Der Bruch ist deutlich: Die digitale Empörung ersetzt die Konsequenz der Tat; die moralische Pose ersetzt das politische Handeln; das Bild ersetzt die Welt. Politik, so scheint es, wird im Modus des Spektakels betrieben, nicht im Modus der Verwirklichung.

Doch diese Diagnose ist nicht bloß kulturkritisch, sondern verweist auf eine grundlegende philosophische Frage: Was heißt es heute überhaupt noch, politisch zu handeln? Wenn Empörung im Netz zumm Selbstzweck wird, verliert sie ihre transformatorische Kraft.

Und wenn das Politische auf die Bühne der persönlichen Marken und der algorithmischen Beschleunigung verlagert wird, dann verschiebt sich das Zentrum politischer Handlungsmacht aus dem öffentlichen Raum in die digitale Ästhetik. Im realen Leben beklagen ideelle Projekte oder Organisationen mangelnde Unterstützung.

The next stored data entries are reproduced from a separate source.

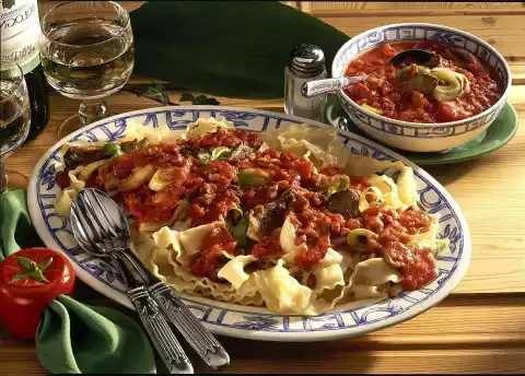Let it boil down for 10-15 minutes in the open pan. Cook the pasta in boiling salted water for 10 minutes. Drain and rinse briefly with cold water. Season tomato sauce with salt and cayenne pepper. Serve noodles with the sauce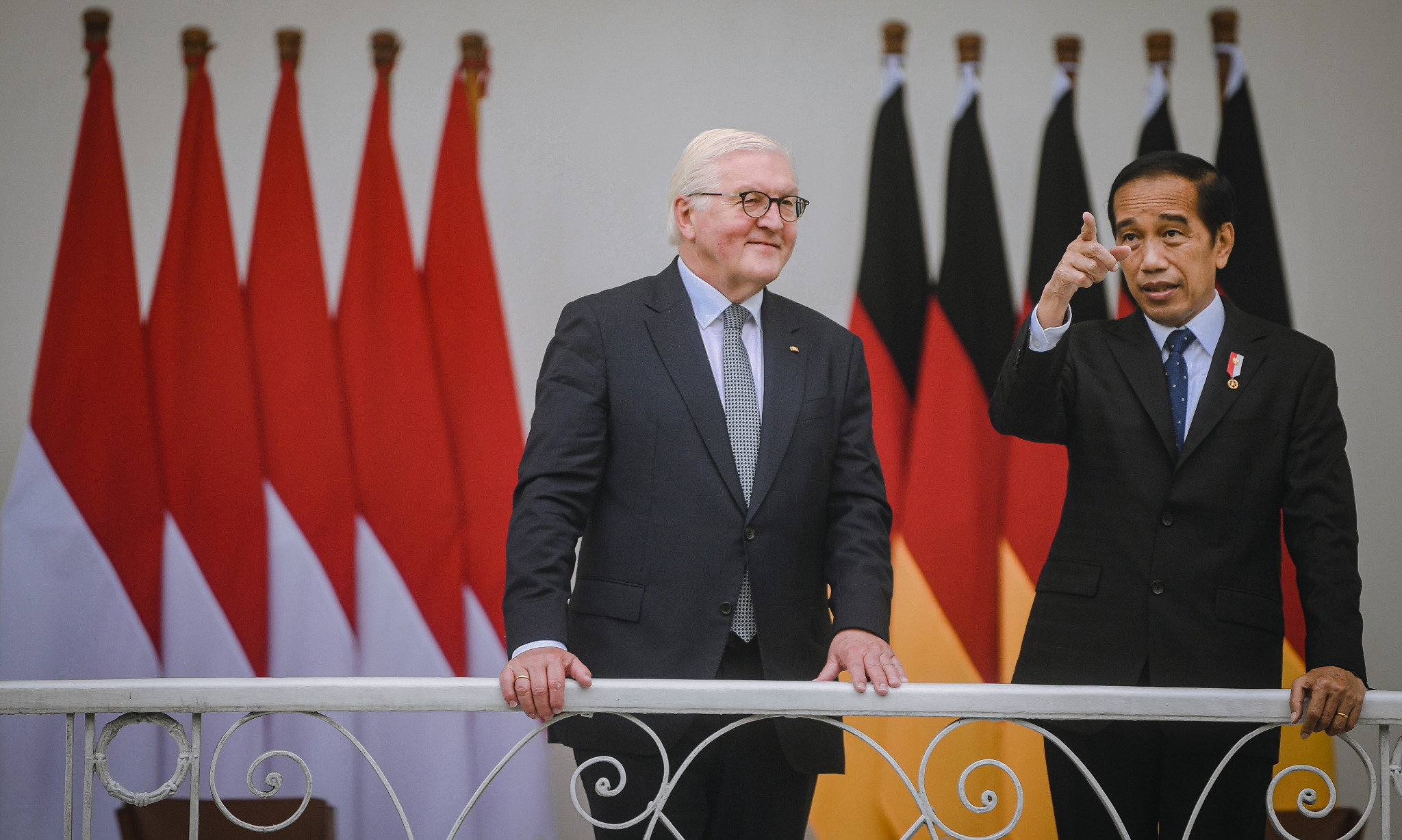 Presiden Joko Widodo berbincang dengan Presiden Republik Federal Jerman Frank-Walter Steinmeier (kiri) di Istana Bogor, Jawa Barat, Kamis (16/6/2022). ANTARA FOTO/Akbar Nugroho Gumay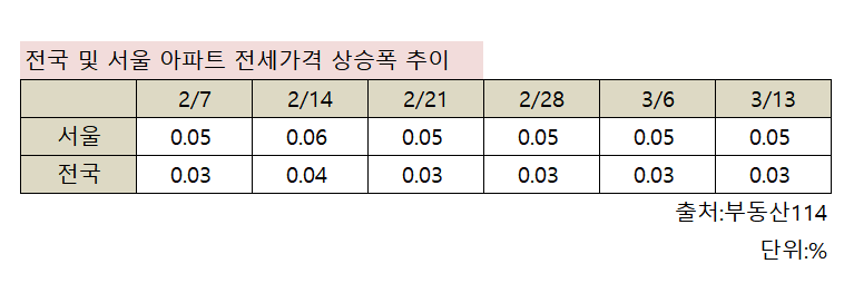 부동산114에 따르면 전국 아파트 전셋값은 지난주까지 4주 연속 0.03% 올랐다. 서울도 한 달째 0.05% 상승폭에 머물러 있다.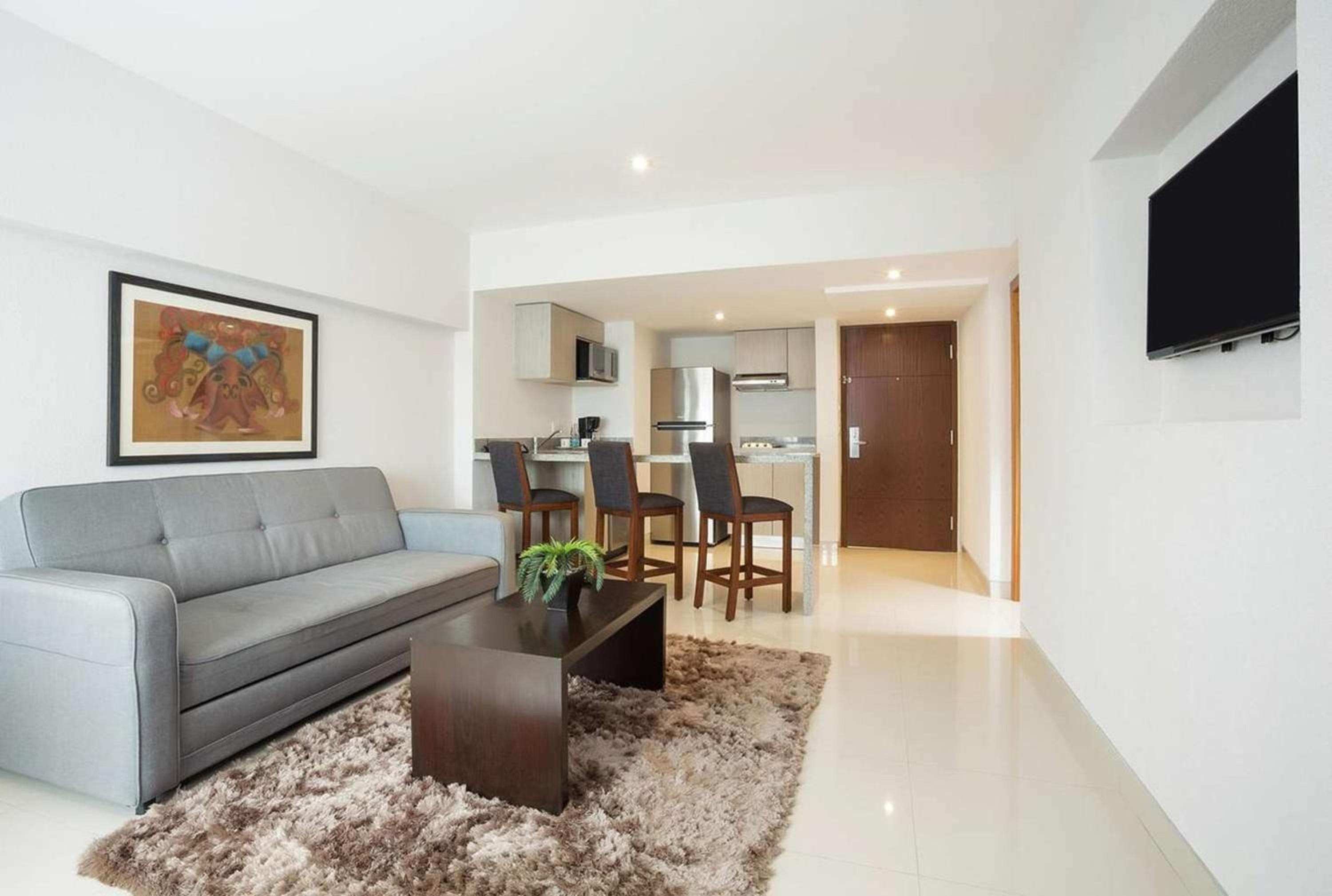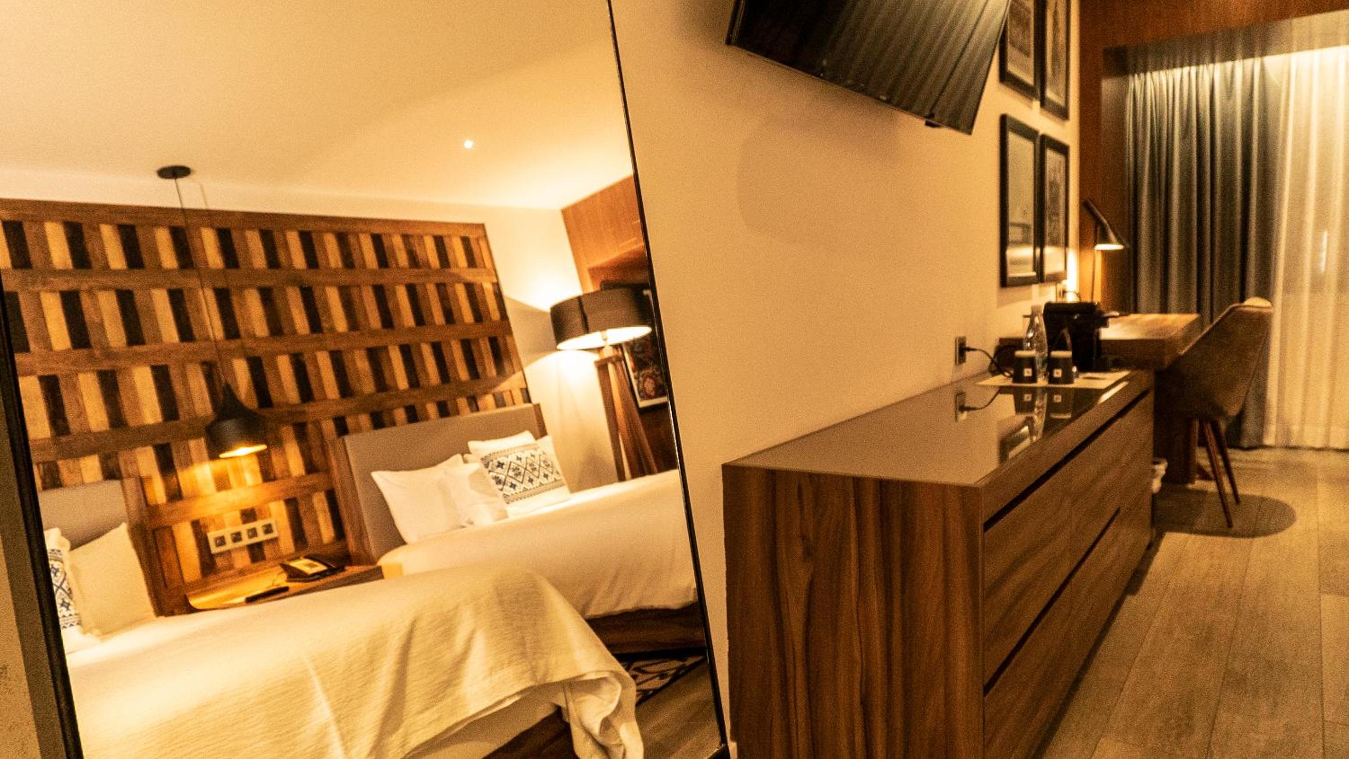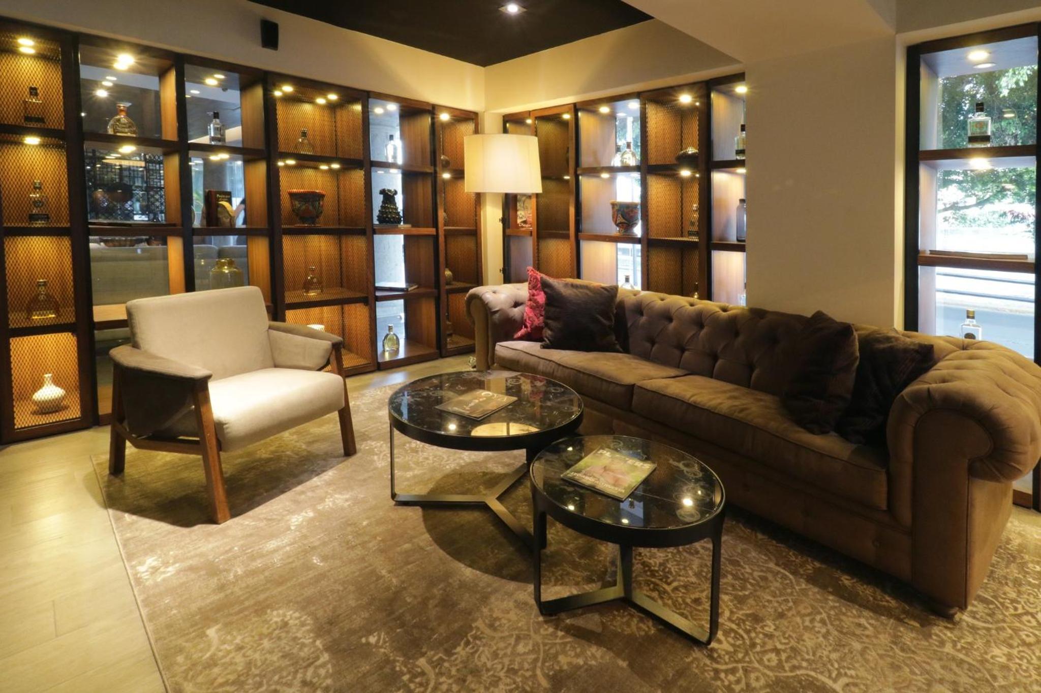 Surrounded by a central courtyard, Hotel Indigo Guadalajara Expo an IHG offers rooms with tiled floors and dark wood furniture for a cozy and inviting atmosphere.

So bleibt die Frage offen, ob die digitale Empörung eine neue Form politischer Artikulation ist oder eher ein Echo politischer Ohnmacht. Sicher ist nur: Sie ist laut, sichtbar, schnell – und dennoch oft folgenlos.

Die Herausforderung der Gegenwart besteht darin, den verlorenen Zusammenhang zwischen Affekt und Handlung wiederherzustellen. Denn erst, wenn Empörung wieder in Konsequenz übergeht, kann sie ihren ursprünglichen Charakter zurückgewinnen: den eines Motors der Gerechtigkeit und eines Anfangs echten politischen Handelns.

Vielleicht müssen wir die virtuelle Plattformen verlassen und wieder lernen, gemeinsam zu handeln. Das ist mühsam, aber folgenreich.